BY ANNE QUINTOS
I've always wondered why it takes so long for women to carry their offsprings in their wombs. Sure, other animals like dolphins and sharks have longer gestation periods. For perplexed young adults like me, however, nine months seemed like an eternity to bear.
Now that I'm pregnant, what I thought was an eternity seemed to move like a speed train. And pregnancy, like a speed train, has been exciting, nauseating (literally!), expensive, disorienting, and amazing! This is why I would like to share my story, hoping to shed some guiding light for overseas Filipino moms-to-be. Even though it can be quite a struggle to get pregnant abroad, it's definitely all worth the ride. (Read first trimester post here.)
4th month: Dream book (financial goals) rewritten
In another post, I mentioned that my husband and I keep a dream journal where we scribble and write our plans for the years to come. Two months after our baby news, we were dumbfounded to realize that most of the dreams and plans written no longer fit in our new roles as parents.
So, we flipped a new page and started planning again with these objectives in mind: Scratch out the travel plans and delay it for a few years. Trim down our holiday wishlists. Strengthen our investment portfolio for our baby's future. Stick to what's essential.
It sounds painful. But it isn't, really. As expectant parents, it's automatic for us to think of only the best for our baby and family. Planning isn't the hardball task. What's more difficult is when we're preparing our monthly budget and resisting temptations to mis-spend or overspend. That's why I believe so much in putting our plans in writing. It helps us stay focused and, most of the times, on track.
To tell you the truth, because of overwhelming expenses lined up in the coming months, we've been revisiting our dream book more than we ever had.

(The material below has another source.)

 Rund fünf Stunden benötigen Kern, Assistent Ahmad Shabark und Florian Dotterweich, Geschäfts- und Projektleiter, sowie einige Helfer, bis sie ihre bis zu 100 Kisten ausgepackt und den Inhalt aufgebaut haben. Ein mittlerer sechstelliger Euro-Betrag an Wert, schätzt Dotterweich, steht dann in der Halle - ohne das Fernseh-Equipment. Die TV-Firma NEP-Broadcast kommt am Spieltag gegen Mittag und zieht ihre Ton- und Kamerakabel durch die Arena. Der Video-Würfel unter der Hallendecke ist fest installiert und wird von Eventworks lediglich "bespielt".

- Reassess your financial goals and adjust it with the baby in mind. If you haven't written anything down, now would be the best time to create your own dream book.

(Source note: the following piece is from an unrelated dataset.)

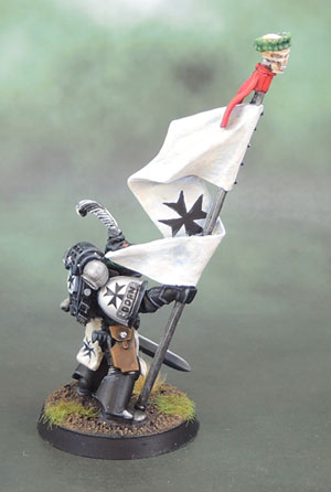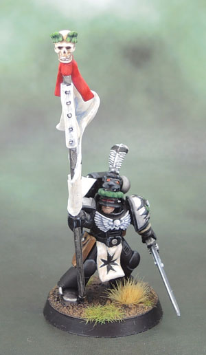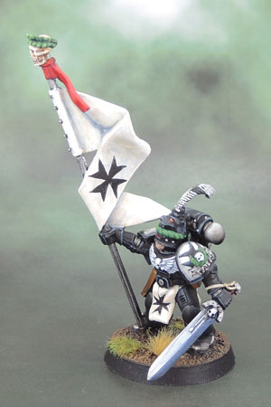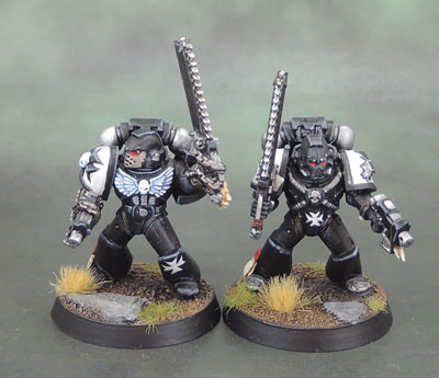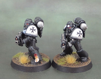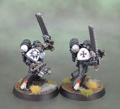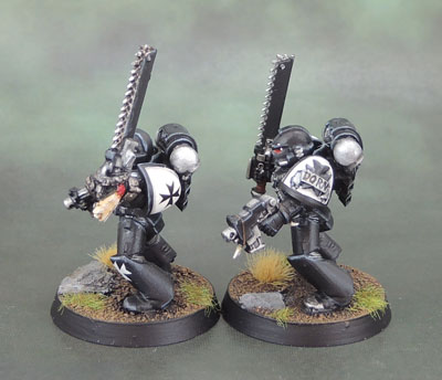 The first of their number is actually the first Black Templars model I ever started painting. Sometime around 3rd edition and Codex: Armageddon, there was not actually a Black Templars sprue available yet. There were, however, separate metal shoulderpads, and so that is what he was outfitted with. The sword is actually a Space Wolf blade, with the wolf-skull cut down to a human shape and size, and the tabard is one of my very early efforts with greenstuff/kneadatite.

- Consider these types of questions when planning: Where do you plan to give birth and how much will it cost you? Does your employment contract cover maternity benefits? Can you file your hospitalization bills for SSS reimbursement (for OFWs with voluntary coverage)?
- After giving birth, are there other financial instruments that you should explore to help you save for your child's future?
5th month: Family Emergency
They planned to keep this secret from me. My mom told Raymond that my dad had a minor accident yet high-risk repercussion. It remained a secret until my sister unintentionally Facebook checked-in from the hospital (yeah, Facebook check-ins are easy giveaways). This got me asking so they had no choice but to tell me that dad had a bad fall, and the pain caused very abnormal elevation of his blood pressure and sugar. We were all scared that he might undergo another angioplasty due to his heart condition.
Dealing with family emergencies like this makes the OFW life very much difficult to handle. Fortunately, Taiwan is just a few hours away by plane unlike other overseas Filipinos living thousands of miles from home. The news made me overly emotional that I had to discuss with Raymond the possibility of going home to be with my family for the leg surgery. However, I made it a point that we won't be spending the money we don't have for last-minute plane fares. We used our emergency fund and part of our anniversary celebration fund to cover our expenses. Raymond agreed and went on to book our tickets two nights before the surgery.
Dad's operation was successful plus we also get to celebrate our baby news with all of our families. Raymond's lola even cooked my favorite Pancit canton.
- Set aside a monthly budget for emergencies like hospitalization and last-minute trips to the Philippines.
- Plan and discuss all financial matters with your partner, especially if it will affect your pregnancy budget.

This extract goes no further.